Eighteen people, most of them children, died on The Hector after the boat with almost 200 emigrants on board departed Loch Broom in Wester Ross.
Small pox and other illnesses affected the passengers, who included families from the Highlands and also Greenock.
Descendants of some of the survivors gathered at Loch Broom last week to remember the journey of July 1773.
Many of the emigrants were seeking to escape poverty and start new lives on land in Pictou, Nova Scotia.
The families assembled in a burial ground at Clachan on Loch Broom for an emotional service before boarding rowing boats to be taken to where The Hector was moored.
Sarah MacKenzie, a trustee of Clachan Lochbroom Heritage Trust, said: "It was an open air service and it was raining.
"It was reported later that you could not tell if it was the rain or tears running down the emigrants faces."
Archaeologist Cathy Dagg said the emigrants had different reasons for making the journey to Canada, which at the time was part of the British Empire.
But she said for many of the Highlanders it was with the hope of a better life than on estates that had been forfeited to the Crown after the Battle of Culloden in 1746.
The estates had been owned by lairds loyal to Bonnie Prince Charlie, whose Jacobite army was defeated at Culloden, and the running of them had been taken over the British government.
Ms Dagg said conditions on The Hector were harsh.
She said: "The boat was tiny, people were crammed in with children and babies.

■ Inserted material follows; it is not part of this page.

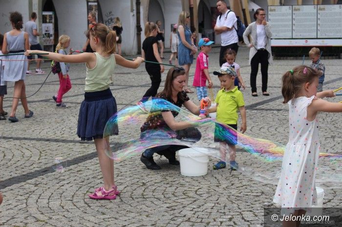 Plac Ratuszowy pełen baniek mydlanych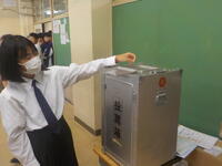 自民党の総裁選挙と同じ日時に、生徒会役員を選ぶ立会演説会、及び選挙が行われました。立候補者は応援弁士とともにリモートで演説を行いました。

I don't know what the sanitary conditions were like but I suspect it was just buckets to be emptied."
The Hector's arrival at Pictou was delayed by a head wind and the boat remained out at sea with the tough conditions on board worsening.
Ms Dagg said: "People were seasick, people were ill, and the children caught small pox.
"I think they would have turned back if had been their choice."
Thirty-two people, 20 from Nova Scotia, four from Ontario and the rest from the US, attended last week's commemorative events, which included a boat trip to where The Hector moored in Loch Broom.
At the site of the mooring, the bagpipes were played and descendants dropped flowers into the water.
Carla MacKay, a descendant of families on The Hector, said: "It feels a lot of the time when you travel that you are a visitor.
"I don't feel like a visitor here. It feels like home. It feels right."